ABOUT THIS EXERCISE. While copying the entries exactly, leave out each picture they contain.

>>>>

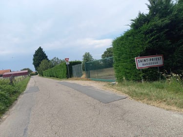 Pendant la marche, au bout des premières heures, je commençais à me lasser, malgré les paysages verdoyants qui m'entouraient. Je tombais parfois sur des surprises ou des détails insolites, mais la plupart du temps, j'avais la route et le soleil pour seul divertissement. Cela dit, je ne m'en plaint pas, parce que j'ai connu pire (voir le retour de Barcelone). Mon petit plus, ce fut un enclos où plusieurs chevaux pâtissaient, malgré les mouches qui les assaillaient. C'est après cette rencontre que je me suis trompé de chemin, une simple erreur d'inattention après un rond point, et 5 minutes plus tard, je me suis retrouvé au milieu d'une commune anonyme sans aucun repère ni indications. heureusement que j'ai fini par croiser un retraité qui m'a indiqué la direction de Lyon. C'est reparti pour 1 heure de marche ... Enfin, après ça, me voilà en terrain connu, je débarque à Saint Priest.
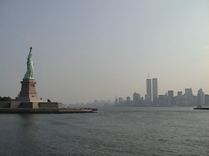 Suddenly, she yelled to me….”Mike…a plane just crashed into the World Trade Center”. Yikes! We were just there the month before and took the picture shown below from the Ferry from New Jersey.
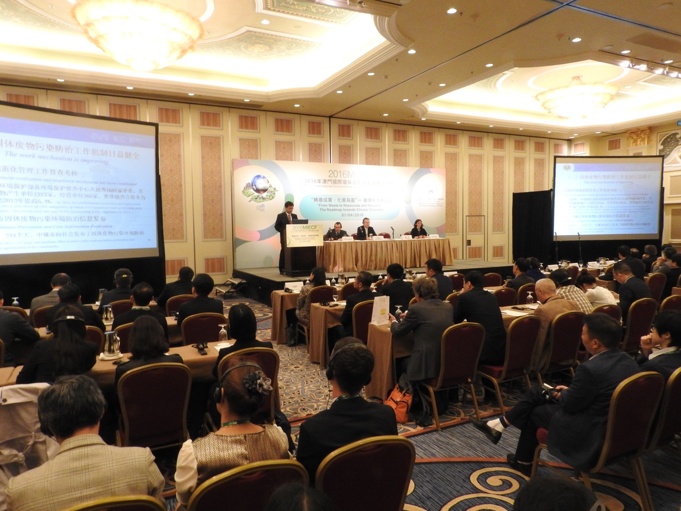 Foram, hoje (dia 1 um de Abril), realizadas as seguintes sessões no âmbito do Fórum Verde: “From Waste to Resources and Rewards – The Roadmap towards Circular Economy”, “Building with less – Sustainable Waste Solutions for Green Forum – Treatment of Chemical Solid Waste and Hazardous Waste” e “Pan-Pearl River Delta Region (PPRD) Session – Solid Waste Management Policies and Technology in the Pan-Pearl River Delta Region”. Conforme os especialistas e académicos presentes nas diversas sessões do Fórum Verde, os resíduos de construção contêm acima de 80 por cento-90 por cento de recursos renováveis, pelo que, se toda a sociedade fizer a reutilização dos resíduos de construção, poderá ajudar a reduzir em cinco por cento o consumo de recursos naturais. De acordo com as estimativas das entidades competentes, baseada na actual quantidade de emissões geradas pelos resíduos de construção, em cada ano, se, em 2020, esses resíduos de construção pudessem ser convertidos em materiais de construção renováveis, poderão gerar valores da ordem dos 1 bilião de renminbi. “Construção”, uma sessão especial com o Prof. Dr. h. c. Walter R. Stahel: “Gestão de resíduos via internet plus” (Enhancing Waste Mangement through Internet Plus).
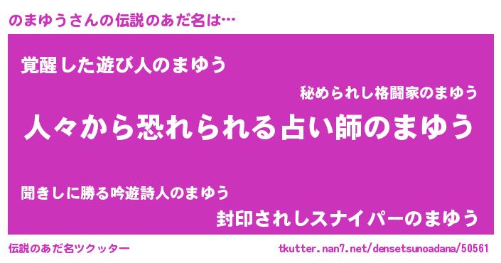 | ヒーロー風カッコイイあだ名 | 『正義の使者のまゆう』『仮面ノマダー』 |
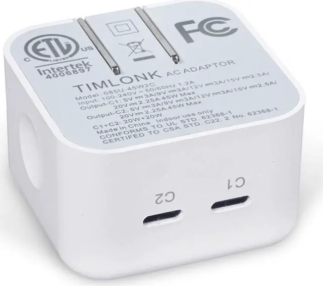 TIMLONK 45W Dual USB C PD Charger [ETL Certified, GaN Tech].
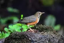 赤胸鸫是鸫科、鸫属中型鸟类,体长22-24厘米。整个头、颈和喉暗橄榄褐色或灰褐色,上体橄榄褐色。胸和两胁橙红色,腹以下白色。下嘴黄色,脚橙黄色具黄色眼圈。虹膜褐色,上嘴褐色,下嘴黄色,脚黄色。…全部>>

<<<<

YOUR RESPONSE.
 Pendant la marche, au bout des premières heures, je commençais à me lasser, malgré les paysages verdoyants qui m'entouraient. Je tombais parfois sur des surprises ou des détails insolites, mais la plupart du temps, j'avais la route et le soleil pour seul divertissement. Cela dit, je ne m'en plaint pas, parce que j'ai connu pire (voir le retour de Barcelone). Mon petit plus, ce fut un enclos où plusieurs chevaux pâtissaient, malgré les mouches qui les assaillaient. C'est après cette rencontre que je me suis trompé de chemin, une simple erreur d'inattention après un rond point, et 5 minutes plus tard, je me suis retrouvé au milieu d'une commune anonyme sans aucun repère ni indications. heureusement que j'ai fini par croiser un retraité qui m'a indiqué la direction de Lyon. C'est reparti pour 1 heure de marche ... Enfin, après ça, me voilà en terrain connu, je débarque à Saint Priest.
 Suddenly, she yelled to me….”Mike…a plane just crashed into the World Trade Center”. Yikes! We were just there the month before and took the picture shown below from the Ferry from New Jersey.
 Foram, hoje (dia 1 um de Abril), realizadas as seguintes sessões no âmbito do Fórum Verde: “From Waste to Resources and Rewards – The Roadmap towards Circular Economy”, “Building with less – Sustainable Waste Solutions for Green Forum – Treatment of Chemical Solid Waste and Hazardous Waste” e “Pan-Pearl River Delta Region (PPRD) Session – Solid Waste Management Policies and Technology in the Pan-Pearl River Delta Region”. Conforme os especialistas e académicos presentes nas diversas sessões do Fórum Verde, os resíduos de construção contêm acima de 80 por cento-90 por cento de recursos renováveis, pelo que, se toda a sociedade fizer a reutilização dos resíduos de construção, poderá ajudar a reduzir em cinco por cento o consumo de recursos naturais. De acordo com as estimativas das entidades competentes, baseada na actual quantidade de emissões geradas pelos resíduos de construção, em cada ano, se, em 2020, esses resíduos de construção pudessem ser convertidos em materiais de construção renováveis, poderão gerar valores da ordem dos 1 bilião de renminbi. “Construção”, uma sessão especial com o Prof. Dr. h. c. Walter R. Stahel: “Gestão de resíduos via internet plus” (Enhancing Waste Mangement through Internet Plus).
 | ヒーロー風カッコイイあだ名 | 『正義の使者のまゆう』『仮面ノマダー』 |
 TIMLONK 45W Dual USB C PD Charger [ETL Certified, GaN Tech].
 赤胸鸫是鸫科、鸫属中型鸟类,体长22-24厘米。整个头、颈和喉暗橄榄褐色或灰褐色,上体橄榄褐色。胸和两胁橙红色,腹以下白色。下嘴黄色,脚橙黄色具黄色眼圈。虹膜褐色,上嘴褐色,下嘴黄色,脚黄色。…全部>>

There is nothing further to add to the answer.